• Items listed in a dataset:
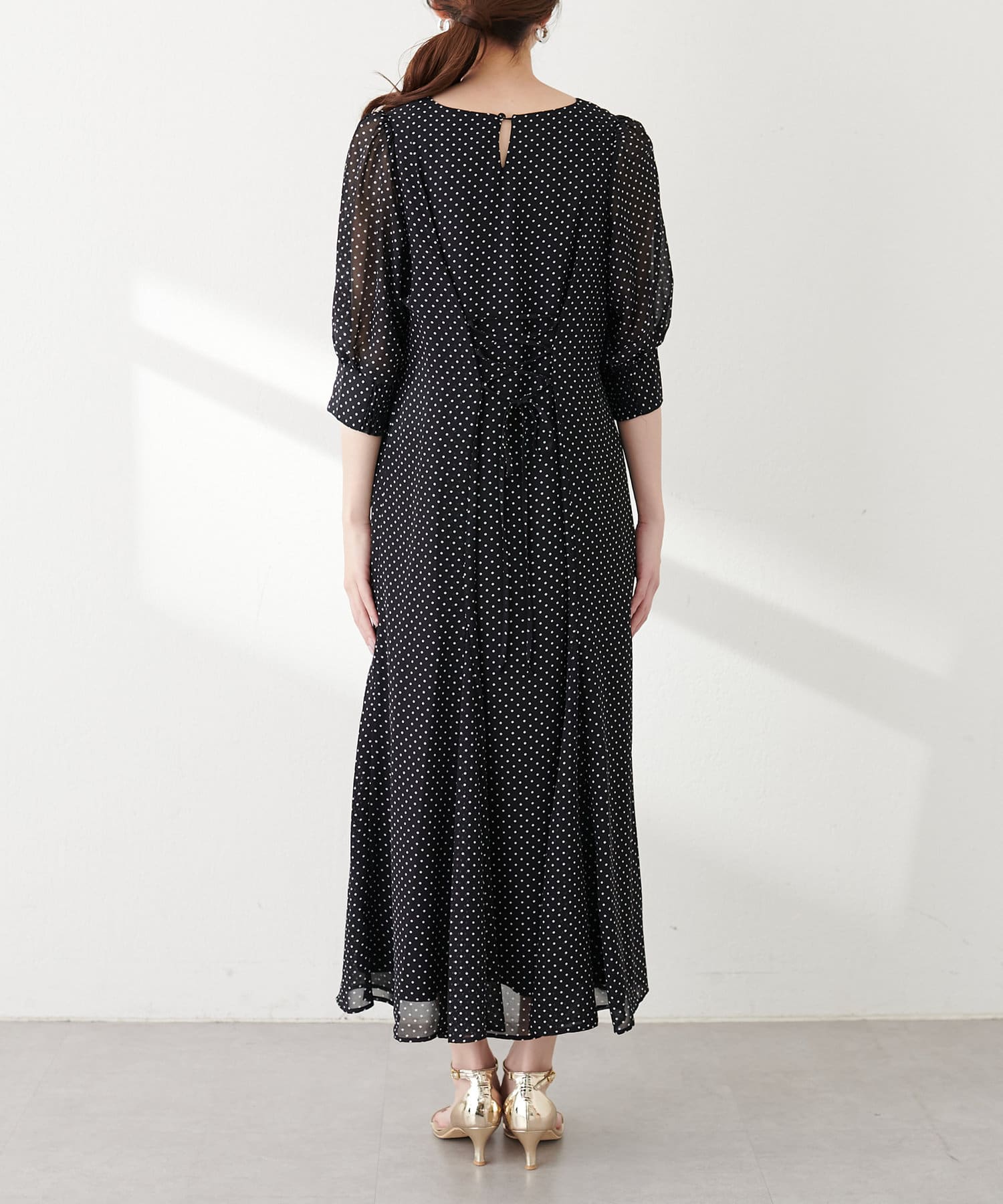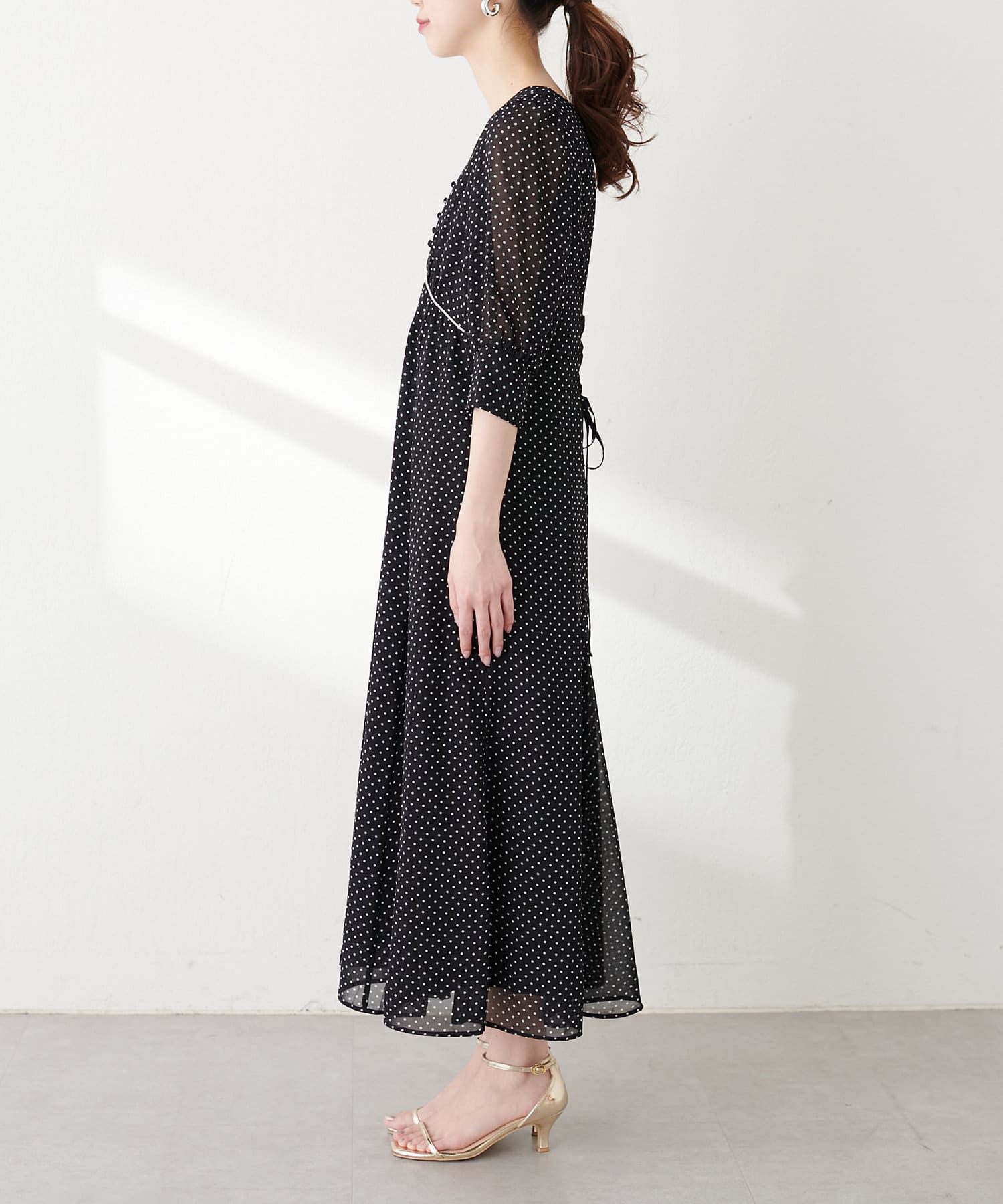 ウエスト調節レースアップレディワンピース
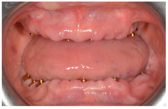 In elderly people, one of the most important problems in dental healthcare is edentulism. Complete removable dentures were the conventional solution for treating edentulism; nevertheless, the expectations of the elderly population have changed in the last years with the desire for more stable prosthesis using dental implants. A reliable compromise in the lower arch is a tissue-supported and implant-retained overdenture delivered on two implants [1]. Among the benefits of this prosthetic solution, a conventional implant-supported overdenture is an economically viable solution, and easy for the patients to keep clean and maintain. In the literature, several studies supported the ease of keeping overdenture clean [1]. On the other hand, in patients with good hygienic maintenance, suitable hard and soft tissues conditions, and dealing with more complex surgical and prosthetic procedures, insertion of a higher number of implants enables the delivery of a fixed or hybrid implant-supported prosthesis [2]. Although the debate on the most appropriate implant number and position is still ongoing, six implants may be preferable to four in the longer follow-up, reducing the amount of peri-implant bone loss [3] when a fixed solution is proposed. In fact, hygienic maintenance of the prosthesis can be challenging, particularly in patients classified as Cawood and Howell class V or VI, when extensive prosthetic flanges are needed. In these patients, a hybrid overdenture (implant-supported) can be a reliable option. As the name implies, hybrid overdenture consists of a metal bar permanently fixed on implants to support an overdenture (metal counterpart and acrylic teeth). This solution allows a fixed solution that can be removed by the patient.
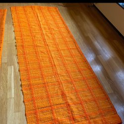 Otroligt vacker matta från 60/70talet. Kaffefläck undertill, i övrigt fräsch och utan lukt (tycker jag).
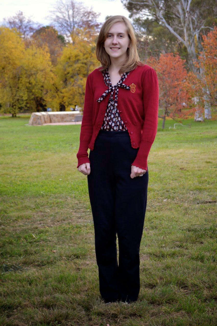 Finally a day off! I wore my black ponte pants and my owls blouse. Those pants are starting to pill already, terrible Lincraft ponte!
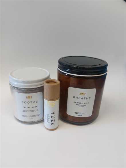 Indulge in simple, soothing self-care with this beautifully curated gift bag from the Kodo Collection. This set includes a Soothe Facial Mask, a Vanilla Mint Mineral Bath Soak, and a Yuzu Lip Balm.
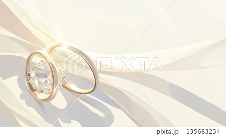 兩枚戒指被夢幻般的光芒包裹 / 浪漫的圖案象徵著愛與永恆
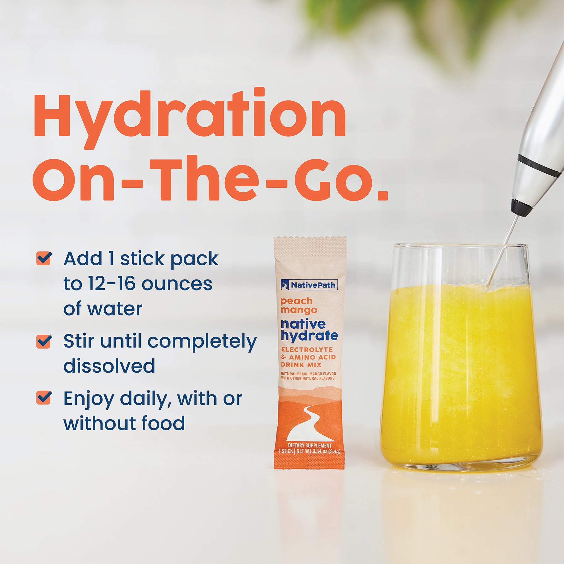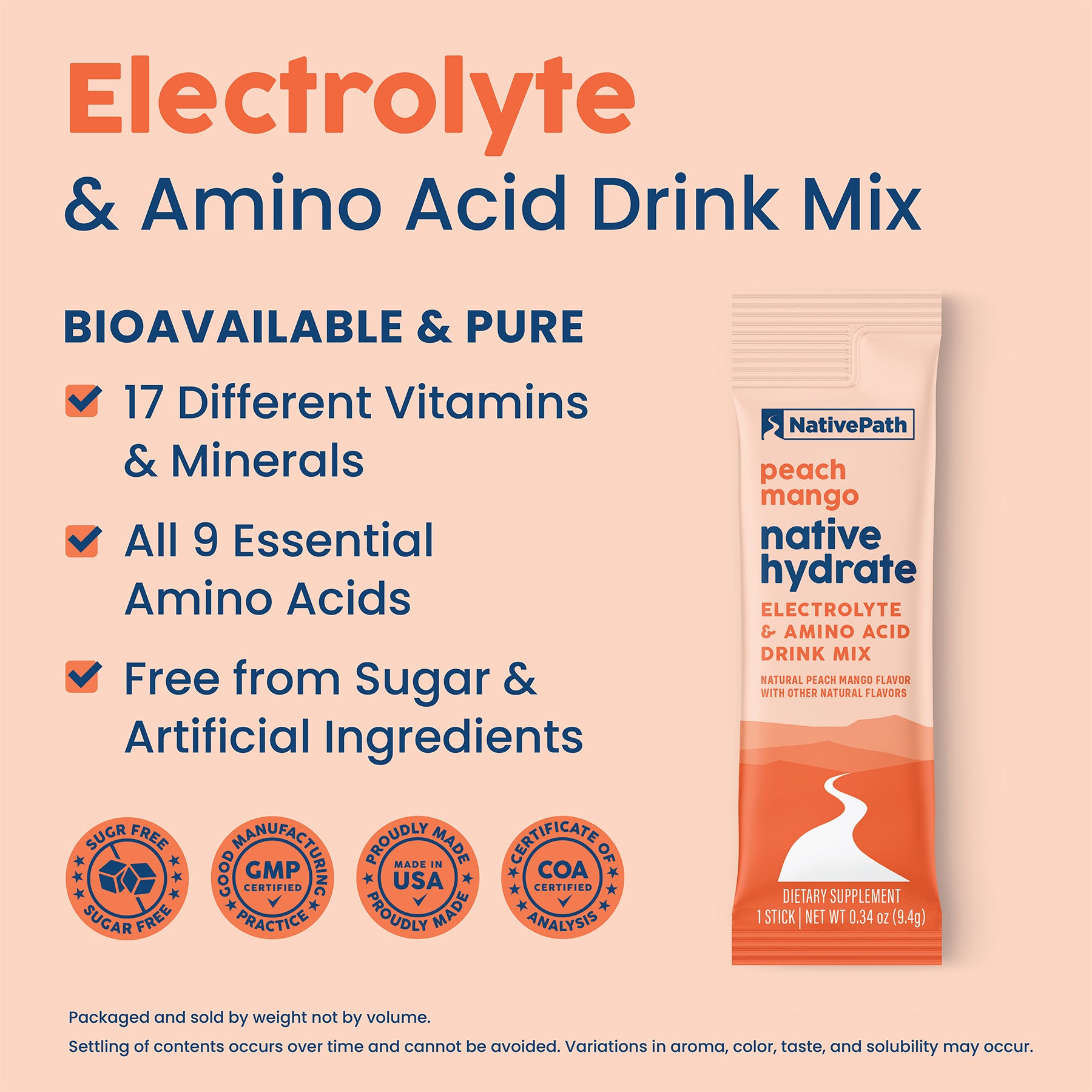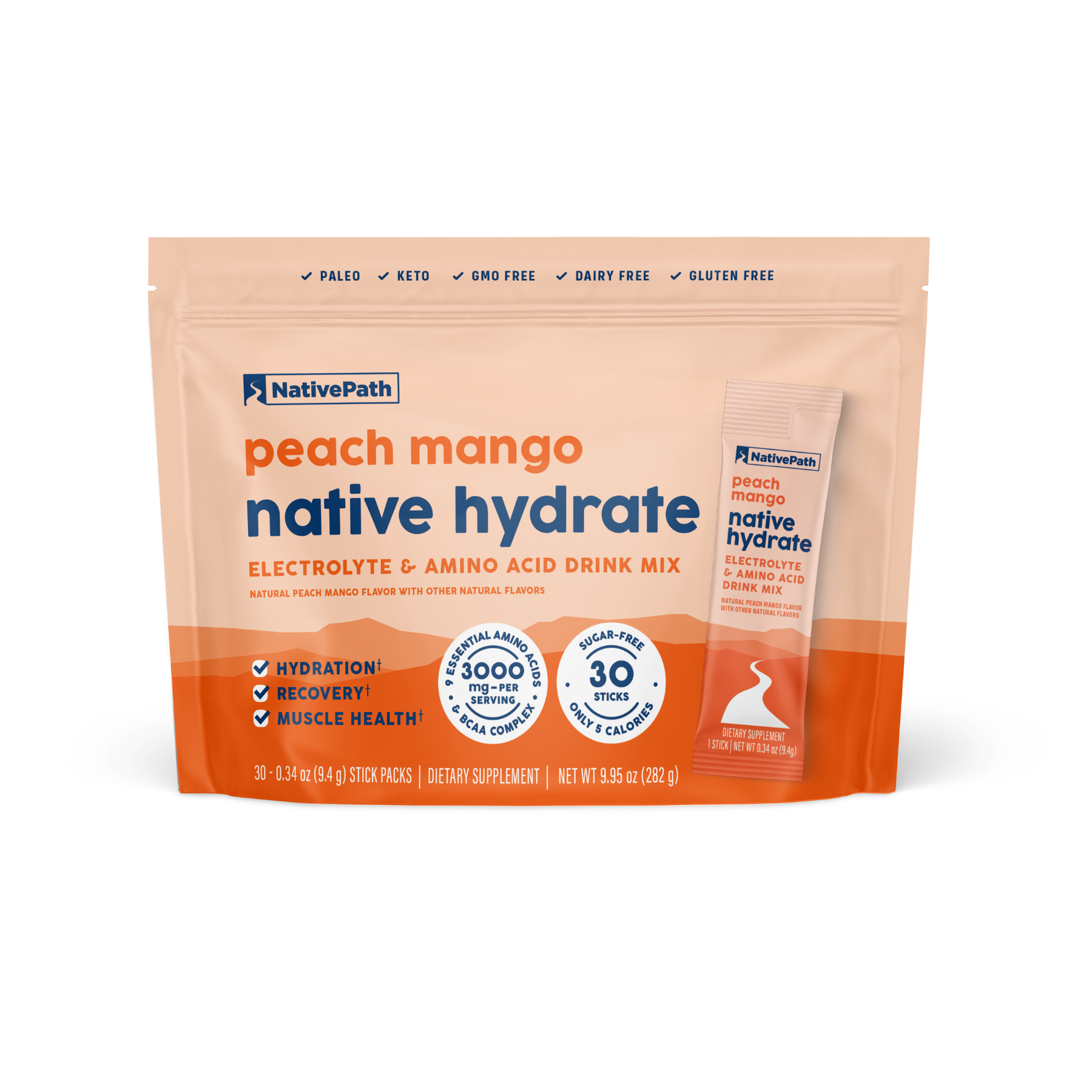 Native Hydrate is a zero-sugar electrolyte and BCAA drink mix that supports hydration, energy, and muscle health.† It combines 14 vitamins and minerals, all 9 essential amino acids, and 2,000 mg of BCAAs into one convenient scoop. Simply add to water and enjoy.

• The problem: Take the line containing "Indulge in simple, soothing" and every line after it up to the end of the entries, and quote them exactly. Both ends count; the pictures do not.

• Answer section:
 Indulge in simple, soothing self-care with this beautifully curated gift bag from the Kodo Collection. This set includes a Soothe Facial Mask, a Vanilla Mint Mineral Bath Soak, and a Yuzu Lip Balm.
 兩枚戒指被夢幻般的光芒包裹 / 浪漫的圖案象徵著愛與永恆
 Native Hydrate is a zero-sugar electrolyte and BCAA drink mix that supports hydration, energy, and muscle health.† It combines 14 vitamins and minerals, all 9 essential amino acids, and 2,000 mg of BCAAs into one convenient scoop. Simply add to water and enjoy.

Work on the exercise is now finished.